» TASK PROMPT
In the entries below, begin at the line with "Tungsteel alloy barrels" and stop after the line with "The house is"; output those lines exactly and omit the pictures.

» ENTRIES SUPPLIED
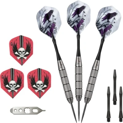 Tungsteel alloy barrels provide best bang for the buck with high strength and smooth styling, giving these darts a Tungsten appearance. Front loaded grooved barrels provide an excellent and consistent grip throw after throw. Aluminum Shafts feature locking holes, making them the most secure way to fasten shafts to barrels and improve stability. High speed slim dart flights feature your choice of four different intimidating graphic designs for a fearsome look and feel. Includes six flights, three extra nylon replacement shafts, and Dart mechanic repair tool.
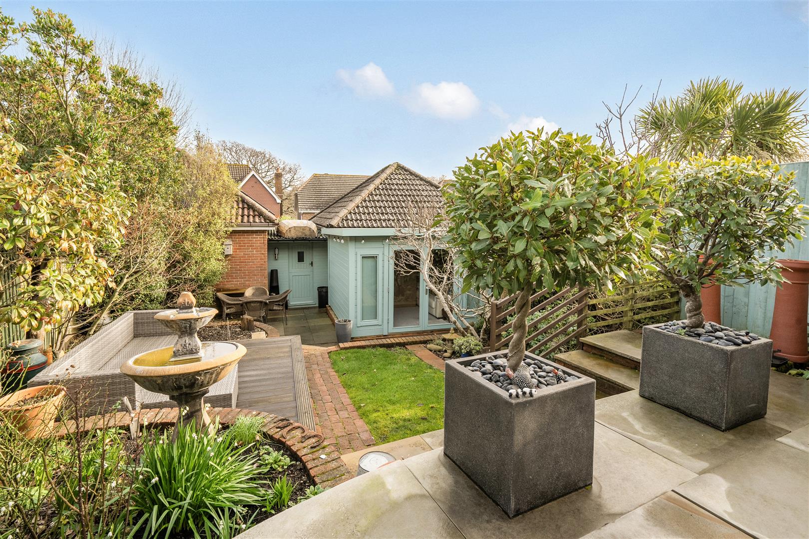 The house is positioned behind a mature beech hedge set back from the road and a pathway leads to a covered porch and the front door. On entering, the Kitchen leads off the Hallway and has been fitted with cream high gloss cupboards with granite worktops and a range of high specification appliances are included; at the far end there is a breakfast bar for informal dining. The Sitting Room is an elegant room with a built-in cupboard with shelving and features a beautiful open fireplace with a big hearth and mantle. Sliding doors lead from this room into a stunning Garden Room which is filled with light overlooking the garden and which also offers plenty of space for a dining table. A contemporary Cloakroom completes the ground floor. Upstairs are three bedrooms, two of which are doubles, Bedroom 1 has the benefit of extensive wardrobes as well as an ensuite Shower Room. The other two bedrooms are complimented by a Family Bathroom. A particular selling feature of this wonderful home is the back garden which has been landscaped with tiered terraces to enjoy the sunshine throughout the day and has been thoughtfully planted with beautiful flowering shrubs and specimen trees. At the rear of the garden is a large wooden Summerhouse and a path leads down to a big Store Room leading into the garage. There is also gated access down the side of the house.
==
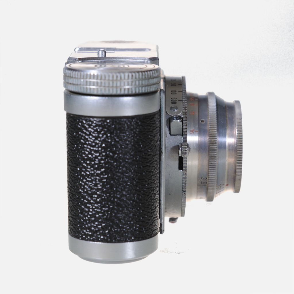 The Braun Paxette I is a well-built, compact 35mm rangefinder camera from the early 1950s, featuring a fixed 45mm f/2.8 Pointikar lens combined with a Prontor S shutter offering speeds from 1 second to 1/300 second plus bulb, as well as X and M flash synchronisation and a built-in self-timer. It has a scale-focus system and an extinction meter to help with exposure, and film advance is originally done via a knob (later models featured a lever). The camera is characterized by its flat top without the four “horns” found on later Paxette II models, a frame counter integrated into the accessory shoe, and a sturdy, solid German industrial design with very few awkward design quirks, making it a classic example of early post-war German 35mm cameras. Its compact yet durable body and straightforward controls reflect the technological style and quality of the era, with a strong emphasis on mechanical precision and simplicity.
---
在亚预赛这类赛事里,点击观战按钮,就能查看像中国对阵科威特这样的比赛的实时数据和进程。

» TASK RESULT
 Tungsteel alloy barrels provide best bang for the buck with high strength and smooth styling, giving these darts a Tungsten appearance. Front loaded grooved barrels provide an excellent and consistent grip throw after throw. Aluminum Shafts feature locking holes, making them the most secure way to fasten shafts to barrels and improve stability. High speed slim dart flights feature your choice of four different intimidating graphic designs for a fearsome look and feel. Includes six flights, three extra nylon replacement shafts, and Dart mechanic repair tool.
 The house is positioned behind a mature beech hedge set back from the road and a pathway leads to a covered porch and the front door. On entering, the Kitchen leads off the Hallway and has been fitted with cream high gloss cupboards with granite worktops and a range of high specification appliances are included; at the far end there is a breakfast bar for informal dining. The Sitting Room is an elegant room with a built-in cupboard with shelving and features a beautiful open fireplace with a big hearth and mantle. Sliding doors lead from this room into a stunning Garden Room which is filled with light overlooking the garden and which also offers plenty of space for a dining table. A contemporary Cloakroom completes the ground floor. Upstairs are three bedrooms, two of which are doubles, Bedroom 1 has the benefit of extensive wardrobes as well as an ensuite Shower Room. The other two bedrooms are complimented by a Family Bathroom. A particular selling feature of this wonderful home is the back garden which has been landscaped with tiered terraces to enjoy the sunshine throughout the day and has been thoughtfully planted with beautiful flowering shrubs and specimen trees. At the rear of the garden is a large wooden Summerhouse and a path leads down to a big Store Room leading into the garage. There is also gated access down the side of the house.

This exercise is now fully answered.